_Stored items_

*-*-*

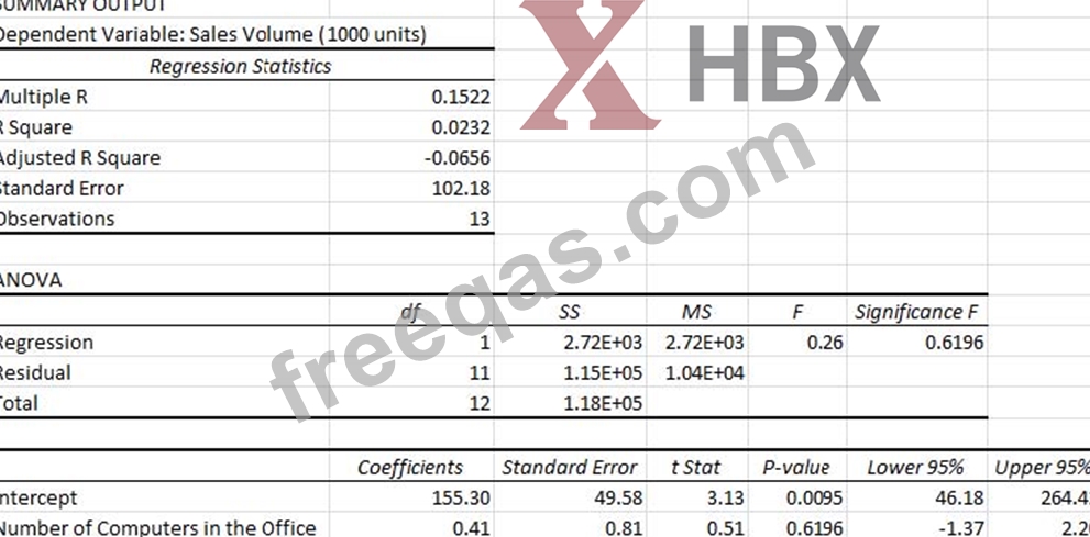 A company manager commissions a report to study the relationship between sales volume (in thousands of units) and the number of computers in each of the company's offices. Based on the regression output, which of the following statements is correct?
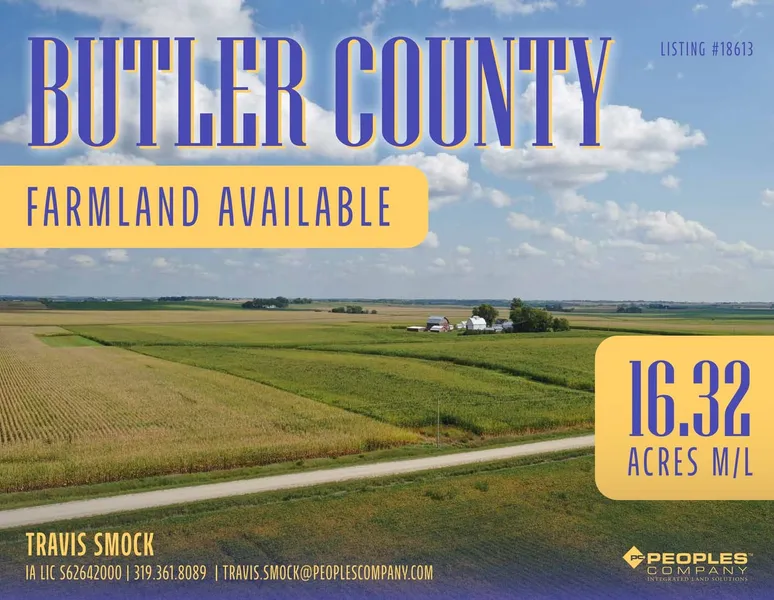 Peoples Company is pleased to offer 16.32 acres m/l of highly productive 90+ CSR2 farmland in Butler County. The farm is considered nearly 100% tillable with 15.23 acres currently farmed, 0.89 acres enrolled into CRP, and 0.13 acres in grass waterways. The tillable soils carry an impressive CSR2 rating of 90.1. The 0.89 of CRP are enrolled into a CP8A Grassed Waterway contract paying $267 annually through 2031. This is a rare chance to purchase extremely high-quality soils in a smaller package, creating an excellent opportunity for new investors and beginning farmers to get into land ownership. The property is situated north of Allison and west of Clarksville, along Marsh Avenue, in Section 6 of Jackson Township, Butler County, Iowa.
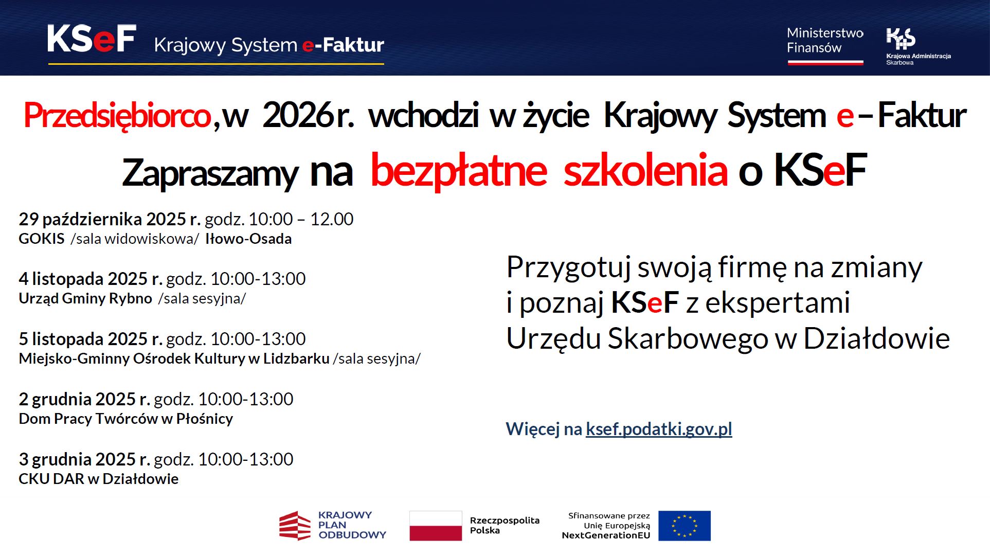 Naczelnik Urzędu Skarbowego w Działdowie zaprasza na bezpłatne szkolenia o KSeF w powiecie działdowskim.
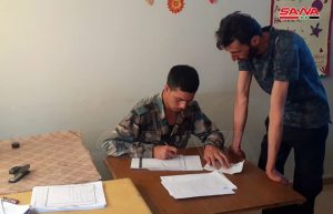 כתב סאנא בדרעא דיווח כי עשרות חמושים, מבוקשים ונמלטים מהשרות הצבאי מכפרי אגן הירמוך הצטרפו לפעולת ישוב מצבם ומסירת כלי הנשק לידי הצבא הערבי הסורי במרכז ההסדרה שנפתח אתמול בכפר אלשג’רה בריף המחוז על ידי הגופים המעוניינים בדבר.
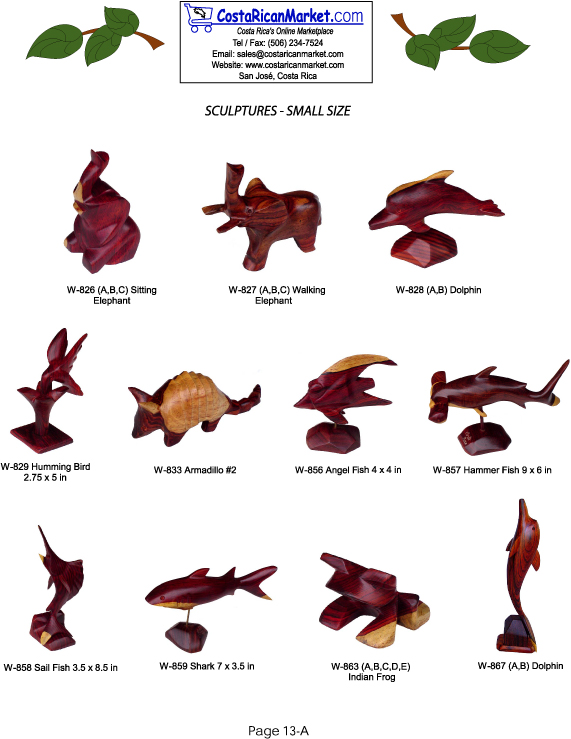 Costa Rica Rosewood sculptures are found in many designs. Enjoy a humming bird, elephant, dolphin, angel fish, hammer fish, sail fish, shark and frog. Buy wholesale now!
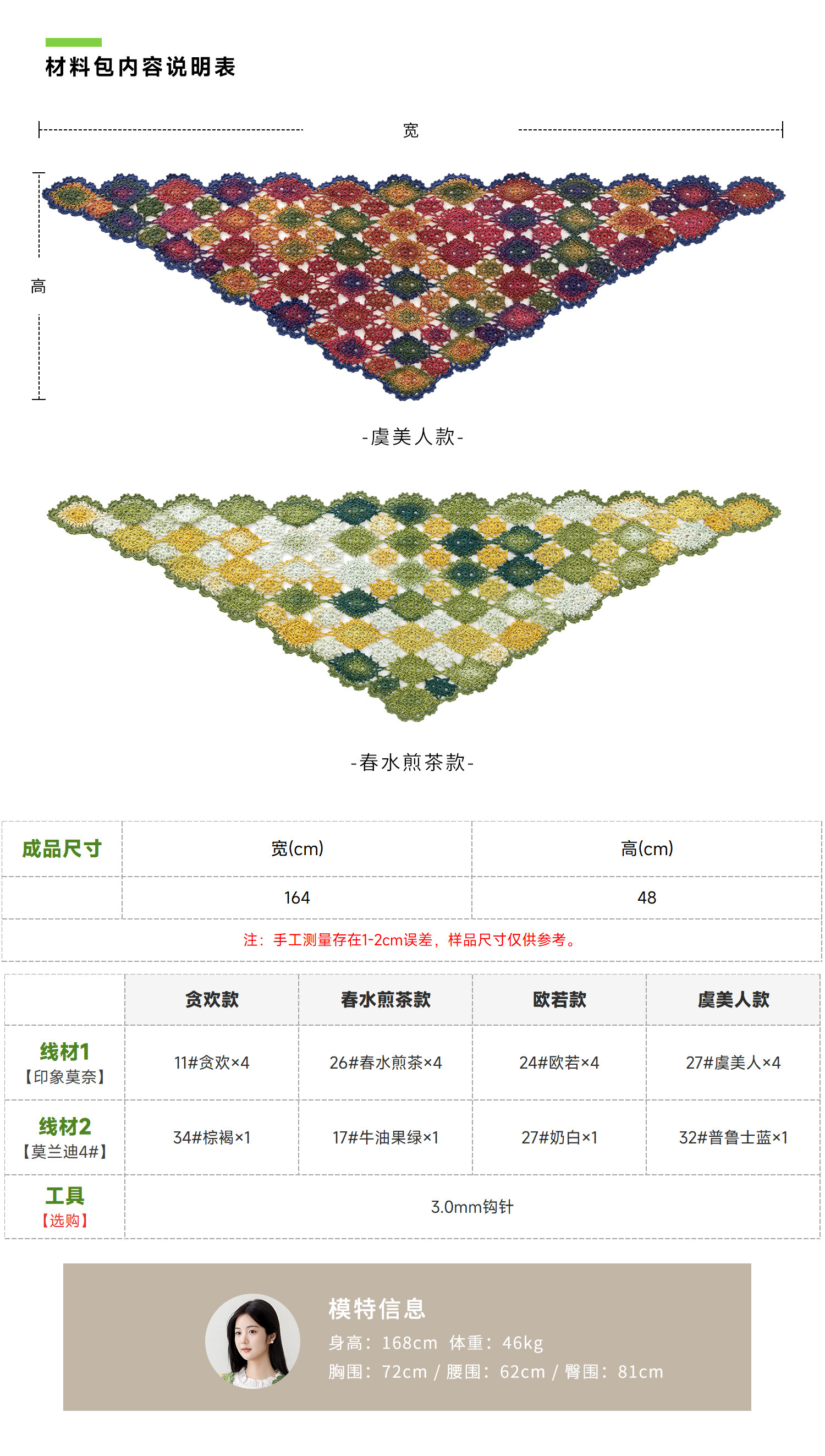 苏苏姐家羽欣三角披肩手工diy钩针羊毛编织毛线团材料包
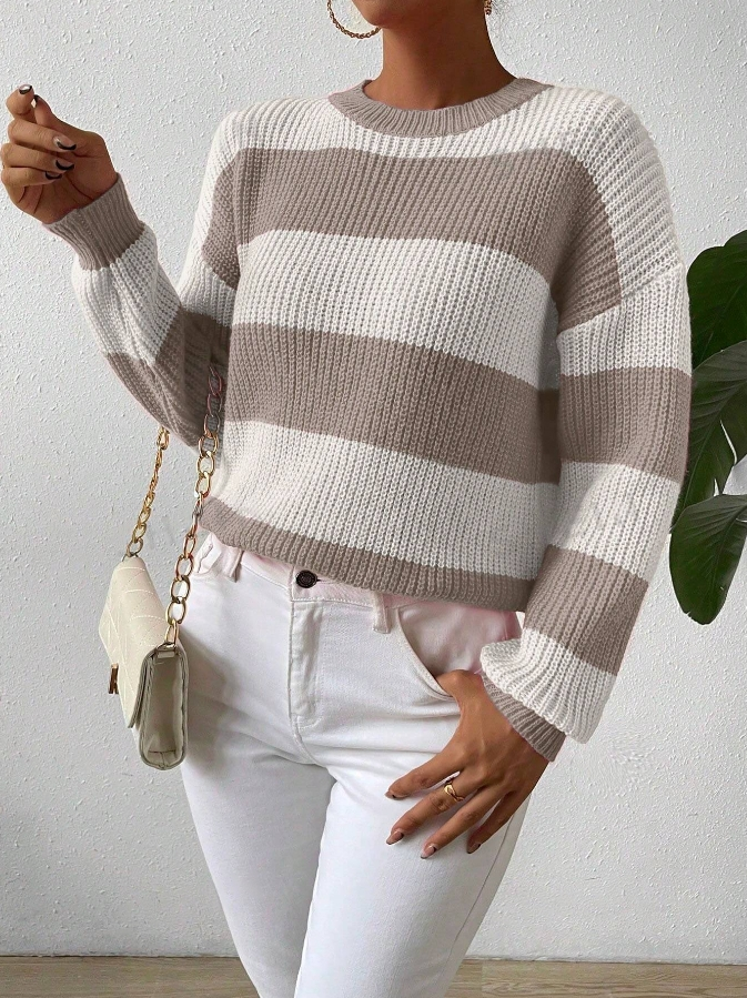 Ein moderner Klassiker für kühle Tage: Diesergestreifte Strickpulloverüberzeugt mit seinem weichen, strukturierten Maschenmuster und einem schmeichelndenV-Ausschnitt. Dieweiten Ärmelund daslässige Oversized-Designsorgen für einen entspannten, dennoch eleganten Look. Perfekt kombinierbar mit Jeans, Stoffhosen oder Röcken – für einen mühelos stylischen Auftritt im Alltag.
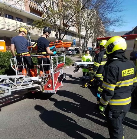 Na místo okamžitě vyjela jednotka hasičů, která musela situaci řešit s maximální opatrností. Záchrana probíhala pomocí výškové techniky, jejíž ustavení si vyžádalo uzavření přilehlé komunikace. Hasiči připravili transportní vanu a zraněného muže do ní bezpečně uložili. Následně ho šetrně snesli na zem, kde si ho převzali záchranáři.
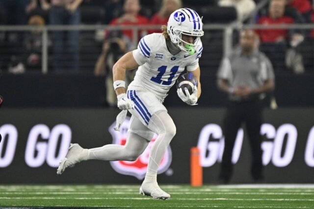 A lo largo de tres temporadas en BYU, el jugador de 21 años de Layton, Utah, tiene 98 recepciones para 1,327 yardas y siete touchdowns.
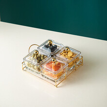 古艾GUAI 北欧轻奢带盖干果盘玻璃水果盘分隔客厅干果盒家用零食点心小吃盘 四格(玻璃)带盖

*-*-*

Every line from the one holding "כתב סאנא בדרעא" through the last line of the entries above, and nothing else, is to be restated word for word. Pictures stay out.

_RESPONSE AREA_
 כתב סאנא בדרעא דיווח כי עשרות חמושים, מבוקשים ונמלטים מהשרות הצבאי מכפרי אגן הירמוך הצטרפו לפעולת ישוב מצבם ומסירת כלי הנשק לידי הצבא הערבי הסורי במרכז ההסדרה שנפתח אתמול בכפר אלשג’רה בריף המחוז על ידי הגופים המעוניינים בדבר.
 Costa Rica Rosewood sculptures are found in many designs. Enjoy a humming bird, elephant, dolphin, angel fish, hammer fish, sail fish, shark and frog. Buy wholesale now!
 苏苏姐家羽欣三角披肩手工diy钩针羊毛编织毛线团材料包
 Ein moderner Klassiker für kühle Tage: Diesergestreifte Strickpulloverüberzeugt mit seinem weichen, strukturierten Maschenmuster und einem schmeichelndenV-Ausschnitt. Dieweiten Ärmelund daslässige Oversized-Designsorgen für einen entspannten, dennoch eleganten Look. Perfekt kombinierbar mit Jeans, Stoffhosen oder Röcken – für einen mühelos stylischen Auftritt im Alltag.
 Na místo okamžitě vyjela jednotka hasičů, která musela situaci řešit s maximální opatrností. Záchrana probíhala pomocí výškové techniky, jejíž ustavení si vyžádalo uzavření přilehlé komunikace. Hasiči připravili transportní vanu a zraněného muže do ní bezpečně uložili. Následně ho šetrně snesli na zem, kde si ho převzali záchranáři.
 A lo largo de tres temporadas en BYU, el jugador de 21 años de Layton, Utah, tiene 98 recepciones para 1,327 yardas y siete touchdowns.
 古艾GUAI 北欧轻奢带盖干果盘玻璃水果盘分隔客厅干果盒家用零食点心小吃盘 四格(玻璃)带盖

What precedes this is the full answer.